Degree of Difficulty:
Moderate. Recommended for the seasoned aquarist, as either the size or inability to adapt to changing water conditions make this fish a challenge to care for. Generally doesn’t adapt to tap water sources (city mains or well supplies,) and alteration of the water composition may be required (lowering the pH and or hardness, filtering through peat for rainforest fishes, or increasing the pH and hardness for fishes from alkaline waters with a high pH, like the rift lake cichlids) or the need for a species tank may make this a fish best left to the experienced fish keeper.

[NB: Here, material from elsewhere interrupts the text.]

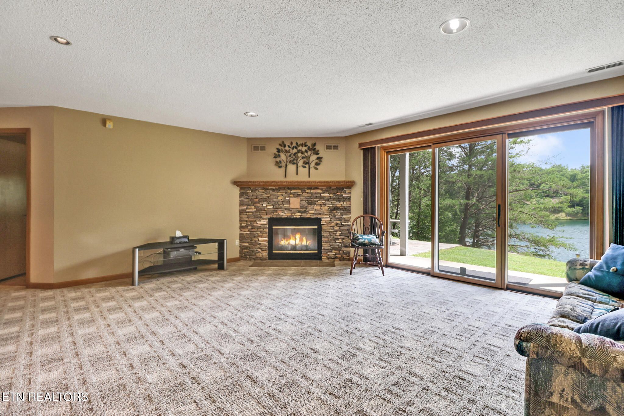 This well maintained basement ranch on Lake Glastowbury offers 1,377 sq ft on the main floor and an additional 927 sq ft of finished space on the lower level. Each level has its own natural gas furnace and each own hot water heater and a new roof in 2022. New windows and doors in back of the house. As you enter, you're welcomed by a spacious great room featuring a corner natural gas fireplace operated by remote and floor-to-ceiling windows that showcase breathtaking views of Lake Glastowbury. Step outside onto the wraparound deck and enjoy the serenity of lakefront living. A charming 21 x 12 three-season room features a tongue-and-groove ceiling and plenty of windows, making it the perfect space to relax. The MAIN LEVEL includes a primary suite with a walk-in closet, a luxurious soaker tub, and a separate walk-in shower. The kitchen is outfitted with abundant cabinetry with pull-outs, a JennAir electric stove, and a dining area. A large pantry and a combined half bath/laundry room add convenience. A new furnace was installed on the main level in 2022. DOWNSTAIRS, the walkout lower level offers floor-to-ceiling windows in the living area, a second corner fireplace, two bedrooms, a full bath, a kitchen, and a spacious storage room. The layout is ideal for multi-generational living or guests. A large workroom/storage or shop area is available under the three-season room. The current owner added a wall between the great room and kitchen on the main level which can be removed to create a more open-concept layout. Dock has been recently updated. Don't miss this great opportunity to enjoy lakefront living on Lake Glastowbury.
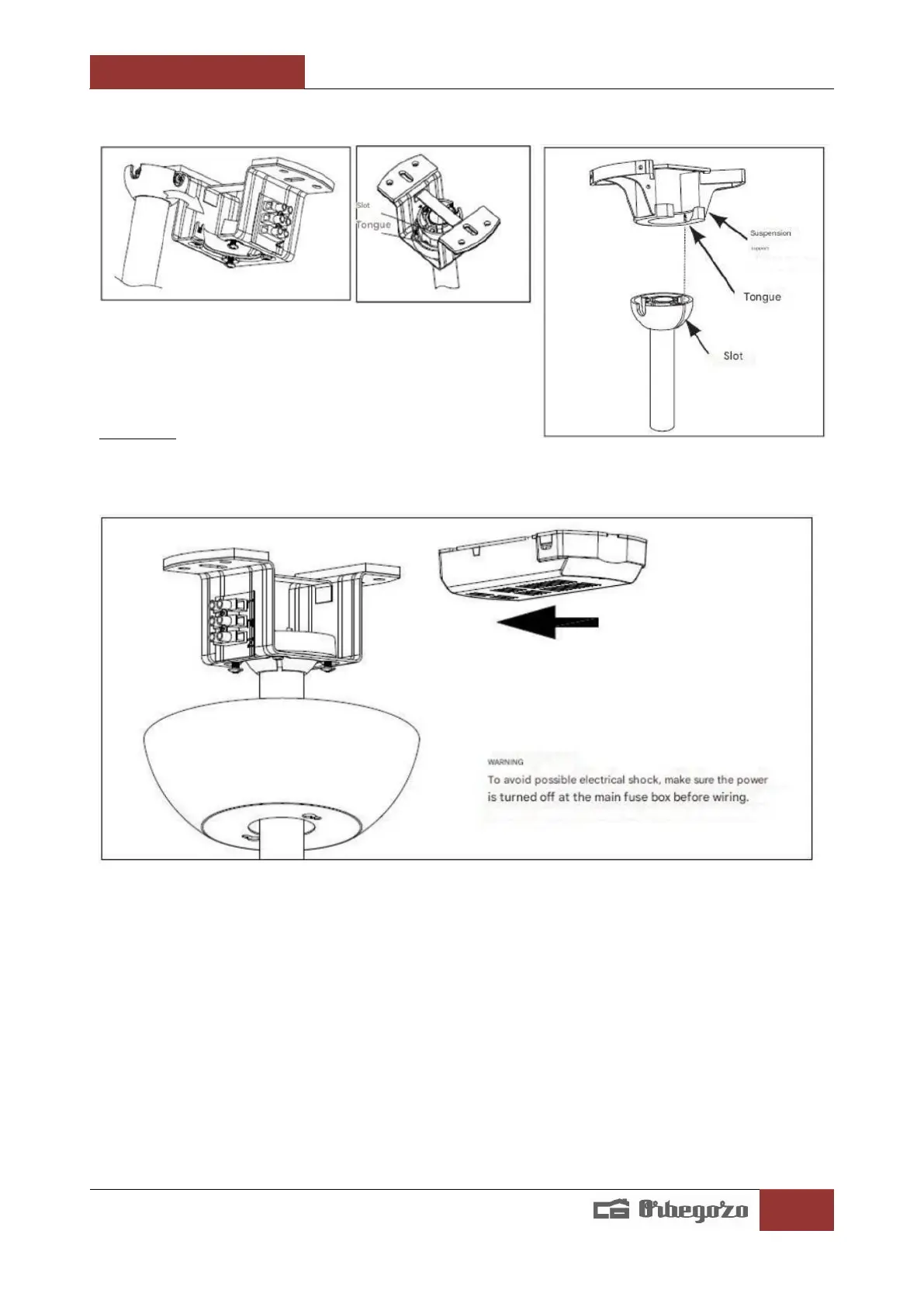 into the suspension bracket attached to the ceiling.

LAKE MALAWI – To the south of Lake Tanganyika is Lake Malawi which has a pH of 8.5 and measures a lower total hardness level. This lake is long and wide, measuring 45 miles across at the widest point. The larger boulders lie out past the surf and provide shelter to the many species of Mbuna (rock dwellers) Cichlids like those of the Pseudotropheus Genus. The rocks provide a source of food in the form of the soft algae that covers them and the crustaceans that live in the algae. The boulders also provide shelter from larger predatory fish like Lake Perches and the large turtles that reside in the lake. The other major group of fishes in Lake Malawi is the Utakas, which includes the peacocks and Haplochromine cichilds. These fish form large shoals and raid the spawning pits of other lake fish to feed on the newly hatched fry. Lake Malawi provides the three surrounding countries a major fisheries industry with 10,000 tons of fish harvested for food every year. The thermal cycle (warm water above and cooler water below) in lake Malawi occurs when the winds of the dry season (called Mwere by the natives) blows across the surface of the lake creating huge waves and pulling the nutrient rich water of the lower regions toward the upper layers. This influx of nutrients, food and cool water induces spawning of over six hundred endemic species of fish. During the wet season, torrential rains flood the land and lake and increase the depth of the lake from three to sixty feet. These huge fluctuations in water level and nutrients explain why Mbuna and Utaka cichlids of the lake thrive with large regular water changes when kept in the confines of an aquarium. Lake Malawi is bordered by Mozambique on the east, by Tanzania on the north and east and by Malawi on the west and southwest. The Portuguese dubbed the lake “Maravi” in the early 1500’s, then it became known as Lake Nyasse (the word locals refereed to it with) for several hundred years until the 1850’s when Livingston came upon the lake and in his travels, learned the word “nyasse” means “lake” in the language of the native people and changed it to Malawi.